Meski AS mulai menormalisasi kebijakan moneternya, secara global pasokan likuiditas masih terus bertambah. Berita baiknya bagi kita, risiko kekeringan likuiditas belum jadi ancaman nyata pada tahun depan. Perekonomian global masih ditandai oleh divergensi kebijakan moneter, menandai belum pulihnya pola pertumbuhan. Berita buruknya, ekspor belum bisa menjadi tumpuan di tahun depan.

Masalah domestik

Dinamika global berinteraksi dengan kerentanan domestik. Pertama, posisi investasi internasional kita terus mengalami akselerasi defisit. Pada kuartal II-2015, defisit bersih posisi investasi internasional mencapai 419 miliar dollar AS atau setara 47,4 persen dari perekonomian kita. Artinya, menurut data Bank Indonesia, kita begitu bergantung pada eksternal dalam menyokong perekonomian domestik.

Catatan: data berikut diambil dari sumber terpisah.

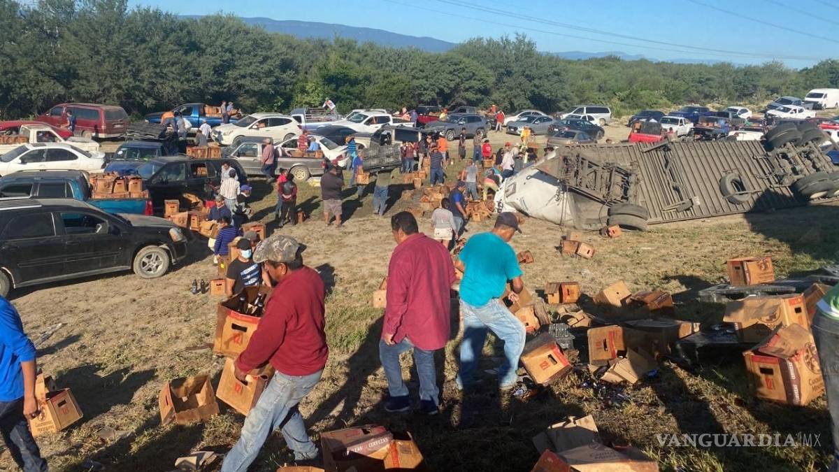 Elementos de la Guardia Nacional, asignados a carreteras, acudieron al lugar para resguardar la unidad y la mercancía, pero nada pudieron hacer para contener a una multitud que en cuestión de minutos arribó y cargó con los cartones de cerveza y las botellas sueltas.
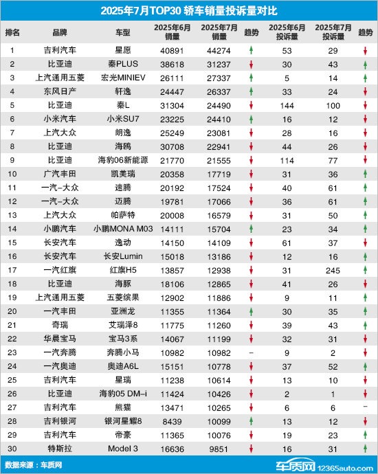 创牛配资 2025年7月TOP30轿车销量投诉量对应点评
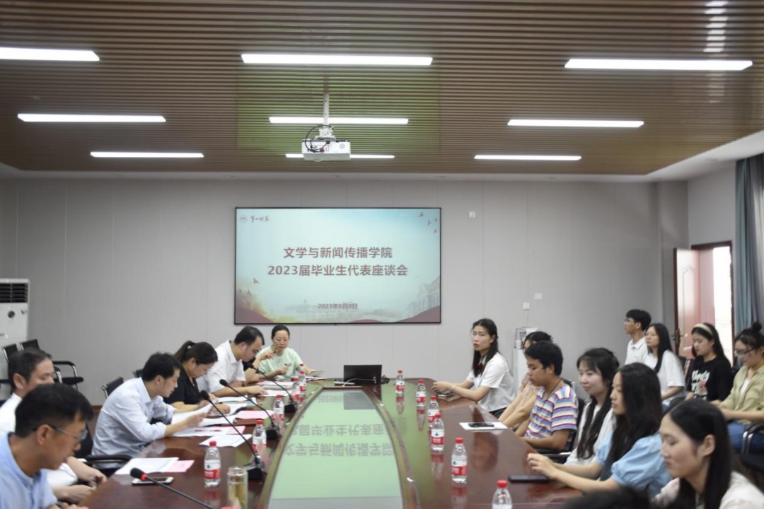 6月9日下午,AV中文字幕在线观看2023届毕业生代表座谈会在玉衡楼201召开。院党委书记何培森、院长龙永干、副院长王霞、系主任杨水远、王正、党政办主任刘洁莹、学工办主任唐科、教科办主任谌鸽、就业专干曾志远、辅导员安炜成、罗西等老师以及26名学生代表参加了会议。会议由院党委副书记李豪杰主持。
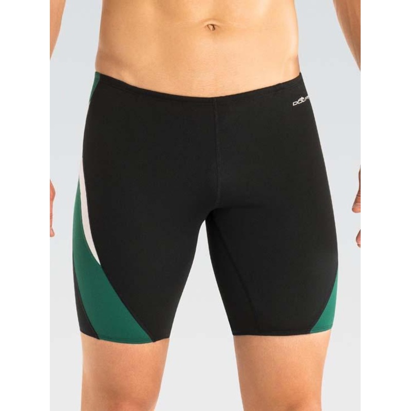 STYLE: Reliance color block jammer. GREAT DETAILS: Be confident and comfortable in our color block jammer in black with green and white sides. This chlorine-resistant suit provides comfort to perform with freedom of movement. PERFECT FIT & FEEL: Made with
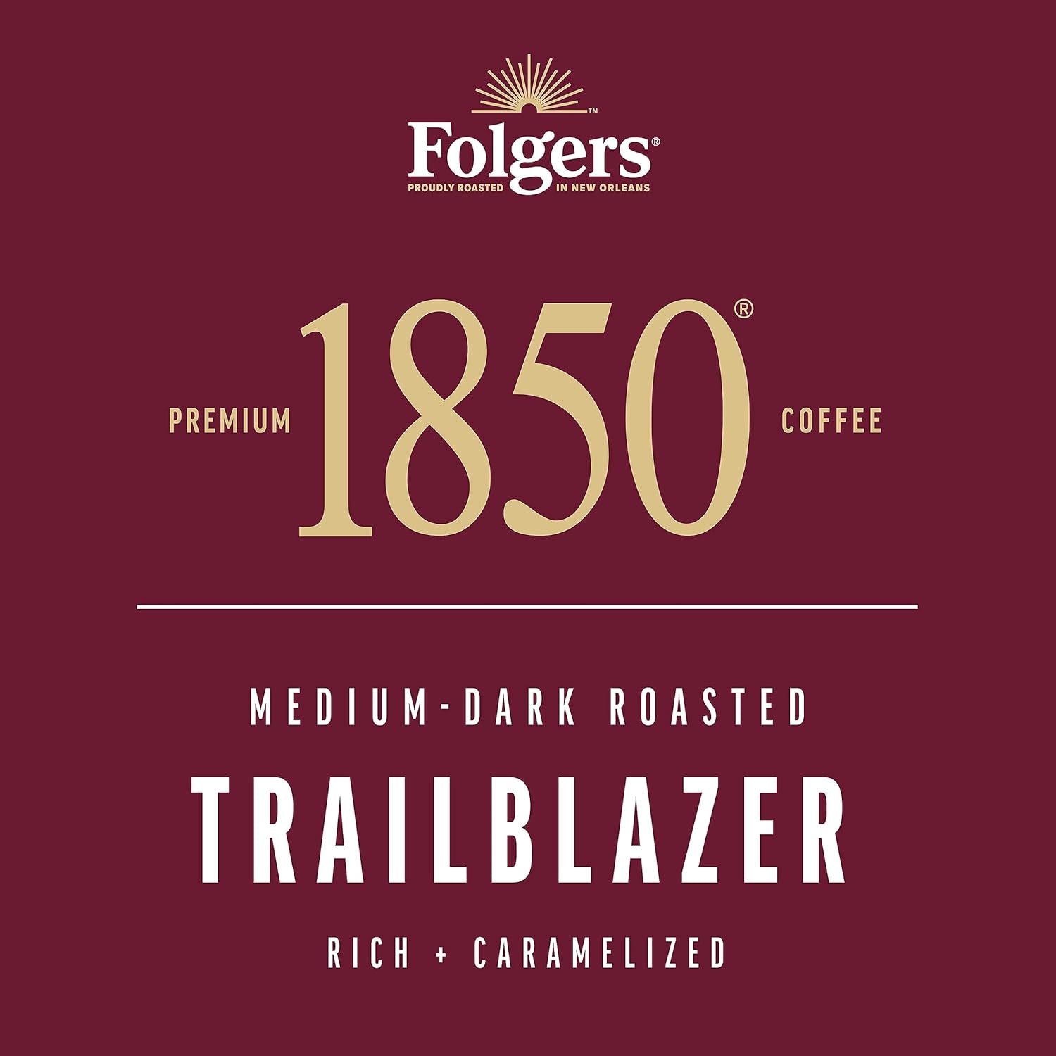 - Folgers 1850 Trailblazer Medium-Dark Roast Coffee. 12 Ounce Recyclable Canister

Memang posisi ini sudah lebih baik ketimbang kuartal sebelumnya sebesar 429 miliar dollar AS atau 48,2 persen dari produk domestik bruto (PDB). Meski begitu, dibandingkan posisi lima tahun lalu, defisit mengalami lonjakan signifikan. Pada 2010, defisit baru mencapai sekitar 290 miliar. Defisit terus naik dan puncaknya terjadi pada kuartal I-2015.

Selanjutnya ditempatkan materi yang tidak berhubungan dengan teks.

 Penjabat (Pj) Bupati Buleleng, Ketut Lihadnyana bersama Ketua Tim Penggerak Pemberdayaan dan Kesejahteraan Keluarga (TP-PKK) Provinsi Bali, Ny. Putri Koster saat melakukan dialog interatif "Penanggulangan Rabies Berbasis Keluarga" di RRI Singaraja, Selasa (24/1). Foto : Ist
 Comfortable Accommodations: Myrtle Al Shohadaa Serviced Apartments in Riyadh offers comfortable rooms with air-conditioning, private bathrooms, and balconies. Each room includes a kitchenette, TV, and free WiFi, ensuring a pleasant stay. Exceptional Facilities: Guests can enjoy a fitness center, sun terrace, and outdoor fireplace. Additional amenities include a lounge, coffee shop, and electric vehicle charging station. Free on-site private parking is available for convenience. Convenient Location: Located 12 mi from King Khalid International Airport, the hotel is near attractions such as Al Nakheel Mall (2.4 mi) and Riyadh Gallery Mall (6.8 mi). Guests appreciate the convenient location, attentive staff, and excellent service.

Kedua, utang luar negeri sektor swasta yang terus meningkat. Pada Oktober 2015, total utang luar negeri Indonesia mencapai 304 miliar dollar AS, dengan komposisi 44 persen utang pemerintah dan 55 persen swasta. Besarnya utang luar negeri di tengah pelambatan ekspor menjadi catatan penting bagi profil risiko kita.

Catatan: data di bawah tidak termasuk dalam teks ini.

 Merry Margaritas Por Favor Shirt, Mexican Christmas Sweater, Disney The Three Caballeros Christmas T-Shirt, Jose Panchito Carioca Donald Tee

Ketiga, kemampuan membayar utang dari penerimaan ekspor atau debt service ratio juga meningkat. Pada kuartal III tahun ini mencapai 57 persen, padahal pada 2010 baru mencapai 20 persen. Ini merupakan indikasi melemahnya daya saing produk ekspor kita.

Fakta ini meyakinkan, perekonomian kita begitu bergantung pada dinamika eksternal dan tak mampu melakukan banyak perubahan dari sisi domestik. Inilah salah satu pekerjaan rumah paling penting yang harus dikerjakan secara saksama pada 2016. Tanpa upaya mengurangi kebergantungan eksternal, kebijakan ekonomi hanya akan terfokus pada masalah jangka pendek, seperti mitigasi depresiasi nilai tukar dan gejolak pasar.

Padahal, masalah fundamental perekonomian kita sifatnya struktural sehingga perlu perbaikan jangka panjang. Kemampuan pemerintah memitigasi persoalan jangka pendek dan tetap fokus menyelesaikan soal struktural jangka panjang menjadi kunci sukses di masa depan.

Meski mendung masih bergelayut sepanjang 2016, situasi akan lebih baik daripada tahun ini. Dan, karena itu, harapan juga lebih besar untuk mengerjakan pekerjaan rumah jangka panjang yang sudah begitu lama ditinggalkan. Jangan sampai tahun depan justru kegaduhan politik lebih banyak. Sebab, jika itu terjadi, kesempatan fokus pada masalah jangka panjang bangsa kembali hilang.